Showing posts with label Feared. Show all posts
Showing posts with label Feared. Show all posts

Sunday, March 15, 2026

George Tragos: A Legendary Hooker That Laid A Foundation For American Catch Wrestling

George Tragos isn't a big name you hear even in most circles today especially in wrestling but let's help change that. To start, let's just point out that this wasn’t just some pretty boy showman prancing around under the lights. This dude was a goddamn hooker in the truest, most vicious sense of the old-school catch-as-catch-can wrestling game. A Greek immigrant who crossed the ocean with nothing but raw power, unbreakable technique, and a mean streak that that stretches to mars and back. He didn’t just wrestle, he broke men. He taught life lessons that left bruises and wisdom in equal measure. Most importantly may we add, he took a skinny kid named Lou Thesz and helped develop him into one of the greatest professional wrestlers who ever laced up boots. Without Tragos, nearly the entire lineage of real grappling in America looks a hell of a lot weaker.

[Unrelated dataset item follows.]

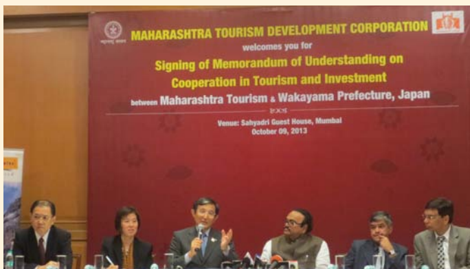
Governor of Wakayama Prefecture (third from left) attending to media enquiries

CLAIR Singapore provided the necessary support to Wakayama Prefecture related to the conclusion of the MOU, and we aspire to assist in the establishment of more friendly ties between Japanese and foreign local governments.

Born March 14, 1897, in the rugged hills of Katsaros, Messinia, Greece, Tragos grew up breathing the same ancient air that birthed the Olympics. Back then, wrestling wasn’t entertainment, it was survival. It was honor. It was the ultimate test of a man’s will. Young Georgios (as he was known) absorbed Greco-Roman technique like it was mother’s milk. He dominated local tournaments, stacked amateur titles in Greece, and earned his spot on not one, but two Olympic teams for his homeland. Think about that for a moment: a teenager from a tiny village standing shoulder-to-shoulder with the best grapplers on the planet, throwing men around with hips like pistons and shoulders like cannonballs.

But Greece couldn’t hold him. In 1910 he emigrated to the United States, landing in a country hungry for real tough guys. By 1922 he was already coaching amateur catch wrestling at the University of Missouri in Columbia. Think about that timeline – the Roaring Twenties, Prohibition, gangsters, and Tragos quietly building killers in the heartland. He didn’t just teach wrist locks and half nelsons. He taught hooks. Those nasty, fight-ending submissions that separate the pretenders from the legends. Hooks that could tear ligaments, pop joints, and make a man tap or sleep before the referee even blinked. This was one of the most feared wrestlers of his time.

Then he stepped into the pro ranks himself. Debut 1922, mostly working the St. Louis territory where the crowds knew real wrestling from the circus acts. Tragos became the pro middleweight champion and earned a reputation that traveled faster than any railroad. The term Hooker wasn’t a compliment back then and sure as hell didn't mean prostitute, it was a warning, to let you know if you crossed one, they will put the fear of God in you if you crossed or tested them. One story that still gets whispered in old wrestling circles tells it all. Some young hotshot decided to test the brutal Greek in the gym. Tragos knew what he had to do, locked in I believe a double wrist lock, and drove it home before the kid could even scream “uncle.” Ripped muscles, torn tendons, separated bone – the arm got infected and the poor bastard had it amputated. Legend says he didn’t lose a wink of sleep. That’s the kind of ruthlessness this guy was. No mercy. No apologies. Downright psychotic.

His real legacy wasn’t the titles he won or the arms he ruined. It was the beast he created in a young Lou Thesz. Thesz himself said it best: “George Tragos was a great wrestler and a great human being. I’ve learned more from him, about life as well as wrestling, than I could ever possibly repay.” 


Tragos didn’t just show Thesz moves – he poured the entire ancient science of catch wrestling into him. The intricate counters. The psychology of the ring. How to chain submissions so seamlessly that your opponent never knew he was caught until it was too late. Greco-Roman base meets American catch-as-catch-can grit. Tragos bridged the old world and the new. He taught this future legendary figure the same way the old masters taught him – through pain, repetition, and relentless pressure.

Could you imagine those sessions? Hour after hour in smoky St. Louis gyms. Thesz, still a teenager, getting twisted, stretched, and submitted until his body screamed. But Tragos was there every step, refining that iron will. The same will that let Thesz hold the NWA World Heavyweight Championship for years and years. Three-time champ that was held across different eras. The man who carried professional wrestling on his back during its golden age. All of it traces back to the brutal Greek who saw potential in a raw kid and refused to let it go to waste. If Thesz was ever tested in his career, those instincts from those times with George would kick in almost automatically. Unlike Tragos, Thesz didn't want to hurt anyone unless it was a last resort. 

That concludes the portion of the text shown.